In 2009, Raya and colleagues reported the failure of six FA patient samples to undergo direct reprogramming in 28 attempts. FA iPSC could only be obtained if the somatic cells were first corrected by transgenic expression of the wild type FA cDNA in the somatic cells, suggesting that the FA biochemical pathway is critical for the derivation and maintenance of pluripotent stem cells.11 We recently demonstrated that reprogramming activated the FA pathway and resulted in increased double-strand DNA breaks and senescence in cells defective in the FA pathway. Consistent with an important role of the FA pathway in the reprogramming process, the reprogramming efficiency of Fanca-/- tail-tip fibroblasts was 10-fold decreased as compared with wild type littermate controls, indicating that somatic FA cells are resistant but not refractory to reprogramming.
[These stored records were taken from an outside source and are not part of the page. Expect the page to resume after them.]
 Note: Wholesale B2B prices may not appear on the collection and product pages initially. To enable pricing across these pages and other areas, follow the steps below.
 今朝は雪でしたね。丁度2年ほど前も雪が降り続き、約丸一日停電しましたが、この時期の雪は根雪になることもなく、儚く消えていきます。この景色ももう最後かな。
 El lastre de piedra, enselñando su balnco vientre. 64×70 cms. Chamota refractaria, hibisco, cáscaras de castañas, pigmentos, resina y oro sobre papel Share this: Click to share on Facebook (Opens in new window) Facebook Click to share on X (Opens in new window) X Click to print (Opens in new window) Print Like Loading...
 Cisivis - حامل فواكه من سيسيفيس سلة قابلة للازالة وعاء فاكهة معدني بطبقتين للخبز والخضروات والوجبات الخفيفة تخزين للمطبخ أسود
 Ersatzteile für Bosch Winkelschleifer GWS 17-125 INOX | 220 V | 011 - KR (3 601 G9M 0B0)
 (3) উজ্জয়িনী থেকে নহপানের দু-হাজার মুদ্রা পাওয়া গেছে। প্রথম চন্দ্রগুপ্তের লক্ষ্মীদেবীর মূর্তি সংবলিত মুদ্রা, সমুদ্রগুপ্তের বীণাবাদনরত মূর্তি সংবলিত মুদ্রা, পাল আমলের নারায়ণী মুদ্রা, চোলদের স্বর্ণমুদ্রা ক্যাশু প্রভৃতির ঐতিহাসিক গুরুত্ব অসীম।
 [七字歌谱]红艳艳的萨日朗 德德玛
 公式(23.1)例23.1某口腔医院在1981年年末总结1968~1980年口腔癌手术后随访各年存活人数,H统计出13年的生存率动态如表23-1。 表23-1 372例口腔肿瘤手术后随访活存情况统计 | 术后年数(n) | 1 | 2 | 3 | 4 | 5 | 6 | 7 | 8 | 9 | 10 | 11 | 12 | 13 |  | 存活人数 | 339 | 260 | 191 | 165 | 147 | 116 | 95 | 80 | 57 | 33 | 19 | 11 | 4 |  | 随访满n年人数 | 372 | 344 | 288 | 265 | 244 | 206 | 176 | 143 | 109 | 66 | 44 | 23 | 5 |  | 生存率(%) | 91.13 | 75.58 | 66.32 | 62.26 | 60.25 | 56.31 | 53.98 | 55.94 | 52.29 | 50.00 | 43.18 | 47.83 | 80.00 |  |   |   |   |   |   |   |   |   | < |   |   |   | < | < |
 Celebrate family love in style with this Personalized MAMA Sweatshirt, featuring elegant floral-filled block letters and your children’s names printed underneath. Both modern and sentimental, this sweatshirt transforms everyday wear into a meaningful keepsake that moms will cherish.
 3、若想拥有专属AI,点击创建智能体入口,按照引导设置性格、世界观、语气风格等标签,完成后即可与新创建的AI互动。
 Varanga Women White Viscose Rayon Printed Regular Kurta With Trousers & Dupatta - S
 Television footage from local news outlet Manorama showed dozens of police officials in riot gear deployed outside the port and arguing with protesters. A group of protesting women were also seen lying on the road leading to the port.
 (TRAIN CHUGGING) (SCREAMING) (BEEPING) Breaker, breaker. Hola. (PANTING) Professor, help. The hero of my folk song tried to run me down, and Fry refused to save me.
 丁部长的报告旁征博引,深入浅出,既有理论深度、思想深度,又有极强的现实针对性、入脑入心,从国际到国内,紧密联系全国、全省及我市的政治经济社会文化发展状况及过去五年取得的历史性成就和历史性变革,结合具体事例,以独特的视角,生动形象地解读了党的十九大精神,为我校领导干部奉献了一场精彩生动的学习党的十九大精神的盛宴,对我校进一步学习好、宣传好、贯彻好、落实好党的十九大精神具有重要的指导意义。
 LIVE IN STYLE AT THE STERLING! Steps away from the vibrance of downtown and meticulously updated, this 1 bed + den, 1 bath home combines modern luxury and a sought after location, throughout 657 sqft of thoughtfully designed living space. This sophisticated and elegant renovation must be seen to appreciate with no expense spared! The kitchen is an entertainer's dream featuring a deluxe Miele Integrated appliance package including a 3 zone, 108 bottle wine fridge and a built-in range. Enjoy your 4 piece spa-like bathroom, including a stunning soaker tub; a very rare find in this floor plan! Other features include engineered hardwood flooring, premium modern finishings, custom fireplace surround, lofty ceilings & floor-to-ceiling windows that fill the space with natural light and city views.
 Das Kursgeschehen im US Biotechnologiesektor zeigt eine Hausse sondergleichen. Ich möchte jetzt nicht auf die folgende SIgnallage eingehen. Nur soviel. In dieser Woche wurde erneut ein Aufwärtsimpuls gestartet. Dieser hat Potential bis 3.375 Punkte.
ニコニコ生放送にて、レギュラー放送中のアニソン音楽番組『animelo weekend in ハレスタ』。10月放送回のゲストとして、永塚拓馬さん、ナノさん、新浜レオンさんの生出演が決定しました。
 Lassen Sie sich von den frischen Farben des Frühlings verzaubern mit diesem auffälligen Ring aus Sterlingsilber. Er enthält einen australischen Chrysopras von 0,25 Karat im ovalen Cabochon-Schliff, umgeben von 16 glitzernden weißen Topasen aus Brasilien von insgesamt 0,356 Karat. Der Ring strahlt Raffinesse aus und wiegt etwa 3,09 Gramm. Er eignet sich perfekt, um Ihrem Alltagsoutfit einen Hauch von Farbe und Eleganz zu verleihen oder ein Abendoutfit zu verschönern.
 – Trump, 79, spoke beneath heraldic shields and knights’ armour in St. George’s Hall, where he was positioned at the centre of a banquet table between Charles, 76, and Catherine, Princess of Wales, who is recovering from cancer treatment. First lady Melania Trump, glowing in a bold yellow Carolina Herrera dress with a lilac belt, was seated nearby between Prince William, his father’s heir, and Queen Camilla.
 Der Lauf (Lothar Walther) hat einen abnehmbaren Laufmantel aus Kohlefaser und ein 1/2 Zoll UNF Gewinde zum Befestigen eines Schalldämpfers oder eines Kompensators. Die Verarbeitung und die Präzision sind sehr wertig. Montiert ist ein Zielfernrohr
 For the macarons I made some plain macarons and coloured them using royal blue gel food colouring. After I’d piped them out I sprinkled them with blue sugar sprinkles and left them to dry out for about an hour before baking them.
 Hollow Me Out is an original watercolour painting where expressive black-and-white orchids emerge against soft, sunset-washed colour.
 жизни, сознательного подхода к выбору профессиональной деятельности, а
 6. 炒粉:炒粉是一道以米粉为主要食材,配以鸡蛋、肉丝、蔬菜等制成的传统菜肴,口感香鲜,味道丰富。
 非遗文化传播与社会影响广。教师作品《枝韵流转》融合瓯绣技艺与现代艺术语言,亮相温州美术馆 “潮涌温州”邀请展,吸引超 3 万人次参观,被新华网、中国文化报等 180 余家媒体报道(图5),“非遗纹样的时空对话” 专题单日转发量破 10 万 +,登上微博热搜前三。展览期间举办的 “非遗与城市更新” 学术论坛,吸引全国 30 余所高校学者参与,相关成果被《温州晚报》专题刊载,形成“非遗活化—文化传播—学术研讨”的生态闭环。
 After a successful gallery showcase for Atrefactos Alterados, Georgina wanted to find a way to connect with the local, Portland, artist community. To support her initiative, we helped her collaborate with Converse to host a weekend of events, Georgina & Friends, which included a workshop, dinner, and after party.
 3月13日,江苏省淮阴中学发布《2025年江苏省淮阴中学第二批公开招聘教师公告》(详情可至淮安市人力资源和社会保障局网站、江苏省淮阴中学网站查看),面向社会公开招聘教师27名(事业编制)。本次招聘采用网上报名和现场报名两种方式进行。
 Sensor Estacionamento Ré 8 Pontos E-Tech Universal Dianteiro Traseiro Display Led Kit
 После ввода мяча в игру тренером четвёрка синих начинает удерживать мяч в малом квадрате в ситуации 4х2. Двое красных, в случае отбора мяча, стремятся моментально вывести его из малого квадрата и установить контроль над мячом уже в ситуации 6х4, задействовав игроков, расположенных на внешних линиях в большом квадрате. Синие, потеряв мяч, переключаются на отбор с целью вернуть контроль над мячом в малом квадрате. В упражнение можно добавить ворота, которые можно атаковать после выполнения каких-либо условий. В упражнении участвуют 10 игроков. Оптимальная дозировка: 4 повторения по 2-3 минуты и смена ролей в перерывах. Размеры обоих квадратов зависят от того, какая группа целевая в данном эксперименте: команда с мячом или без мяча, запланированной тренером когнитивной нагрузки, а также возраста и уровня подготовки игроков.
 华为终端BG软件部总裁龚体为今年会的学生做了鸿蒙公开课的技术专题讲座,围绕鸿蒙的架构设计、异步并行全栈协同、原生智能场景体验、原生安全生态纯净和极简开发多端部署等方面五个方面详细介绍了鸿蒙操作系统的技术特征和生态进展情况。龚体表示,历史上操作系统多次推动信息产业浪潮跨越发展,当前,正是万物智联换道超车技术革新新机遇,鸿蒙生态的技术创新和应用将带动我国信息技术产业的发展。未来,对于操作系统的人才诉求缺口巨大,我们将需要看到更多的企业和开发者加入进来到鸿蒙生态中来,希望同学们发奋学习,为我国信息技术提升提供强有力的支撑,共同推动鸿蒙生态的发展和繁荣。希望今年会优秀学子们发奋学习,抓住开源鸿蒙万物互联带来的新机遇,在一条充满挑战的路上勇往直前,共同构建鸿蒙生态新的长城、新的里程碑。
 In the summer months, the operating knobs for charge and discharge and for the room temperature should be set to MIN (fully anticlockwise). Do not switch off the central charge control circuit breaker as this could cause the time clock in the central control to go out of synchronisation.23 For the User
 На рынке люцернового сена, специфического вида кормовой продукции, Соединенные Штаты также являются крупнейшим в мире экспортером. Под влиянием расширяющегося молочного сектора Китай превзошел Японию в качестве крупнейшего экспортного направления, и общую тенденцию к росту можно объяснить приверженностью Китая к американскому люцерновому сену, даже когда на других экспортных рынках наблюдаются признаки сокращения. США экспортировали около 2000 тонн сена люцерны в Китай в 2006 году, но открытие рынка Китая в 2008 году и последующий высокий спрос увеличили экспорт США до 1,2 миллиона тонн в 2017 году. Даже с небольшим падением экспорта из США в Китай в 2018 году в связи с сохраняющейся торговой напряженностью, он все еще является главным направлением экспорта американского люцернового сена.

In our hands, attempts at reprogramming seven FA patient fibroblast samples under standard conditions (21% oxygen tension) with retroviral vectors expressing the four reprogramming factors (OCT4, SOX2, KLF4, c-MYC) failed to yield any iPSC. However, utilizing optimized reprogramming conditions including hypoxia (5% O2) and a lentiviral vector co-expressing all four reprogramming factors,12 we were able to derive both uncorrected and corrected patient-specific iPSC lines from two patients belonging to the FA-A and FA-C complementation group, respectively13. Utilizing these uncorrected, disease-specific human FA iSPC lines, we sought to evaluate the feasibility of disease modeling.

Results

Somatic mosaicism may occur in up to 25% of FA patients.14-17 Given the significantly reduced reprogramming efficiency of somatic FA cells, we evaluated the possibility that reprogramming might have occurred in a selected subset of somatic cells that had undergone reversion of the FANCA gene mutation. DNA sequencing of the patient fibroblasts and the resultant iPSC clones revealed that the patient sample contained biallelic mutations in the FANCA gene and is heterozygous for c.2853–1_-19del19bp, inherited paternally, and c.1535C > G/p.Ser512Stop, inherited maternally. Analysis of the corresponding iPSC line confirmed the presence of the same disease-causing mutations, effectively ruling out a reversion event (Fig. 2A).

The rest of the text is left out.